与 Pointer 版本(仍然是 gcc)相比:
Dump of assembler code for function main:
0x0000000000001149 <+0>: endbr64
0x000000000000114d <+4>: push rbp
0x000000000000114e <+5>: mov rbp,rsp
0x0000000000001151 <+8>: sub rsp,0x30
0x0000000000001155 <+12>: mov rax,QWORD PTR fs:0x28
0x000000000000115e <+21>: mov QWORD PTR [rbp-0x8],rax
0x0000000000001162 <+25>: xor eax,eax
0x0000000000001164 <+27>: movabs rax,0x6f57206f6c6c6548
0x000000000000116e <+37>: mov QWORD PTR [rbp-0x15],rax
0x0000000000001172 <+41>: mov DWORD PTR [rbp-0xd],0x21646c72
0x0000000000001179 <+48>: mov BYTE PTR [rbp-0x9],0x0
0x000000000000117d <+52>: lea rax,[rbp-0x15]
0x0000000000001181 <+56>: mov QWORD PTR [rbp-0x20],rax
0x0000000000001185 <+60>: jmp 0x1196 <main+77>
0x0000000000001187 <+62>: mov rax,QWORD PTR [rbp-0x20]
0x000000000000118b <+66>: movzx eax,BYTE PTR [rax]
0x000000000000118e <+69>: mov BYTE PTR [rbp-0x21],al
0x0000000000001191 <+72>: add QWORD PTR [rbp-0x20],0x1
0x0000000000001196 <+77>: mov rax,QWORD PTR [rbp-0x20]
0x000000000000119a <+81>: movzx eax,BYTE PTR [rax]
0x000000000000119d <+84>: test al,al
0x000000000000119f <+86>: jne 0x1187 <main+62>
0x00000000000011a1 <+88>: mov eax,0x0
0x00000000000011a6 <+93>: mov rdx,QWORD PTR [rbp-0x8]

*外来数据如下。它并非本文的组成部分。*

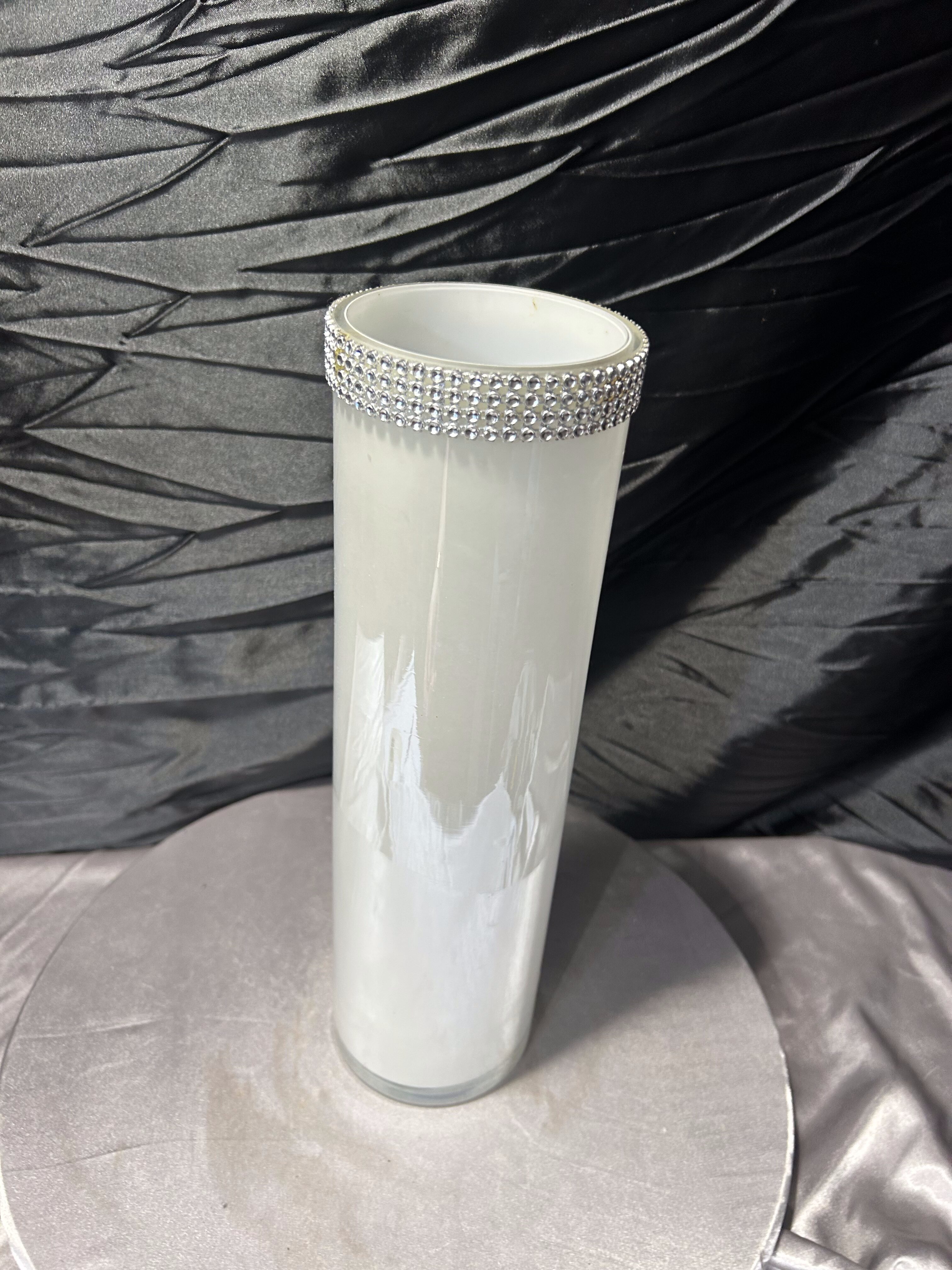 Wazon szklany w stylu glamour – mleczne szkło z dekoracją cyrkoniową

0x00000000000011aa <+97>: sub rdx,QWORD PTR fs:0x28
0x00000000000011b3 <+106>: je 0x11ba <main+113>
0x00000000000011b5 <+108>: call 0x1050 <__stack_chk_fail@plt>
0x00000000000011ba <+113>: leave
0x00000000000011bb <+114>: ret
End of assembler dump.
你可以看到第二个代码有更少的 movzx 并且没有 cdqe 指令,这意味着更少的内存访问,因为它直接递增指针而不是进行中间读取和计算。

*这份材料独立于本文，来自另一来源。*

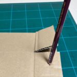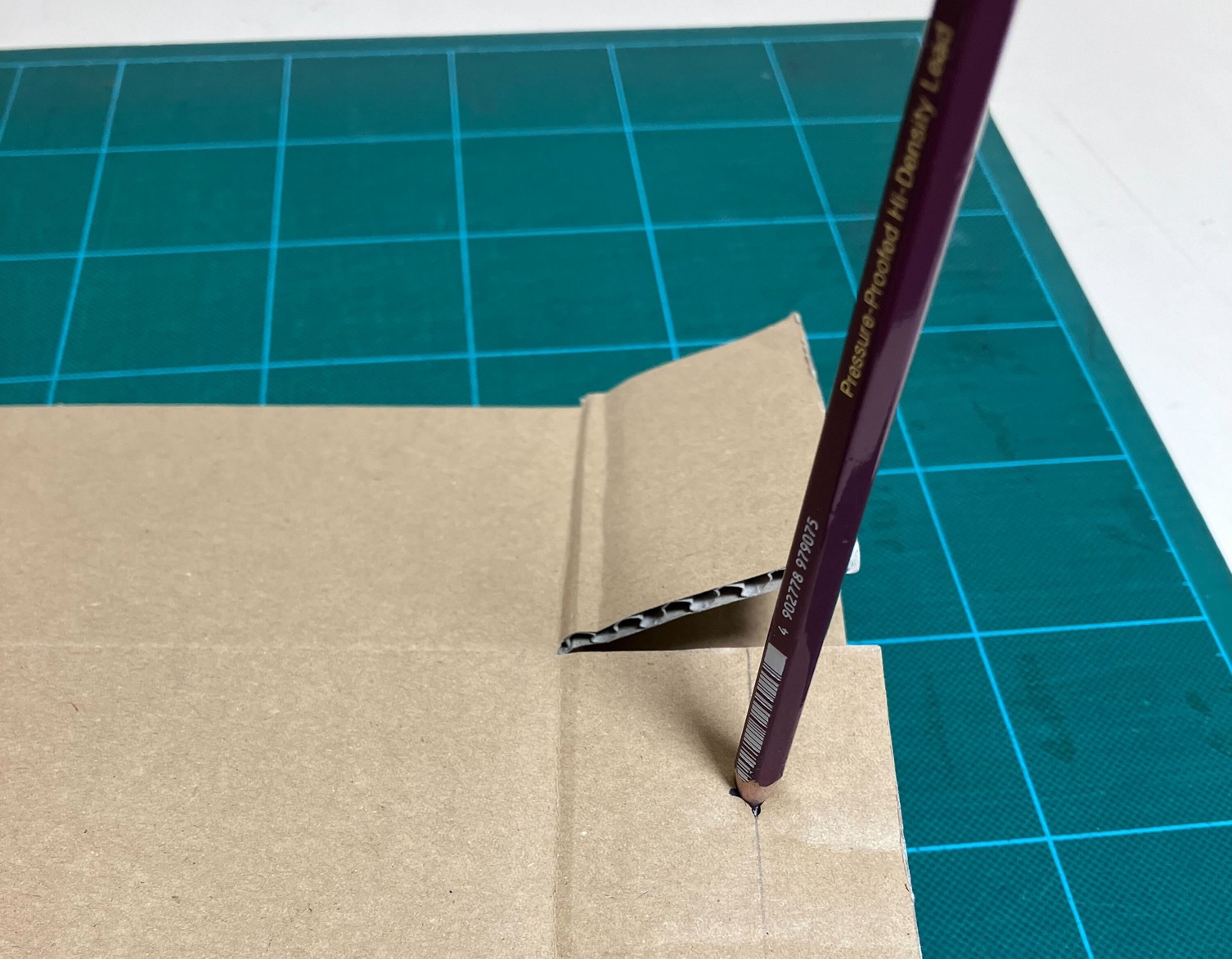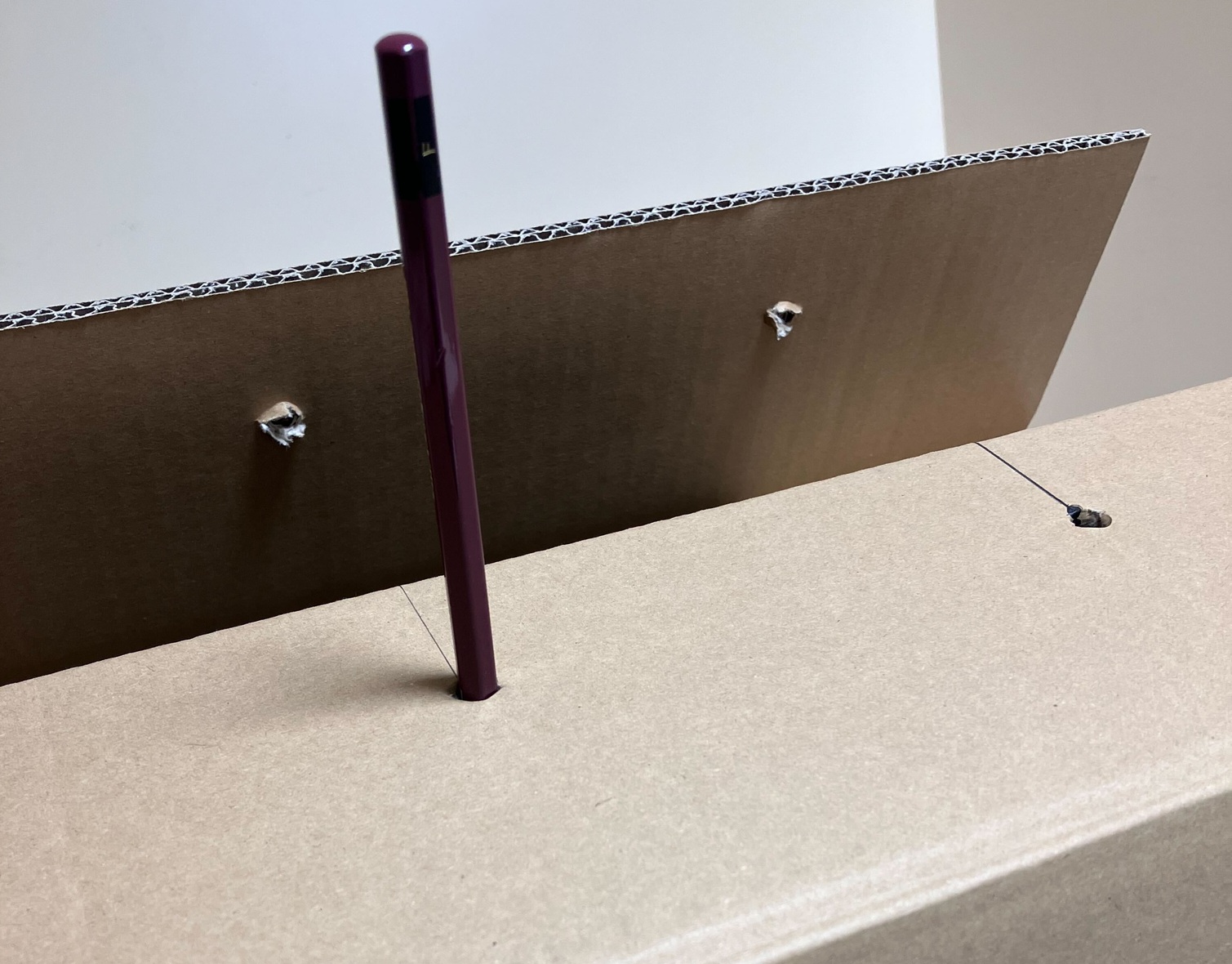 2:鉛筆(先の尖っているもの)を刺し、ねじ入れながら紐が通せる程度に穴を広げる。

现在使用 clang ,两个代码看起来更相似,但是在计数器版本中重新计算内存偏移量(rbp+rax*1-0x11)仍然存在很多低效率:
用铿锵声反击:
Dump of assembler code for function main:
0x0000000000401110 <+0>: push rbp
0x0000000000401111 <+1>: mov rbp,rsp
0x0000000000401114 <+4>: mov DWORD PTR [rbp-0x4],0x0
0x000000000040111b <+11>: mov rax,QWORD PTR ds:0x402004
0x0000000000401123 <+19>: mov QWORD PTR [rbp-0x11],rax
0x0000000000401127 <+23>: mov eax,DWORD PTR ds:0x40200c
0x000000000040112e <+30>: mov DWORD PTR [rbp-0x9],eax
0x0000000000401131 <+33>: mov al,BYTE PTR ds:0x402010
0x0000000000401138 <+40>: mov BYTE PTR [rbp-0x5],al
0x000000000040113b <+43>: mov WORD PTR [rbp-0x14],0x0
0x0000000000401141 <+49>: movzx eax,WORD PTR [rbp-0x14]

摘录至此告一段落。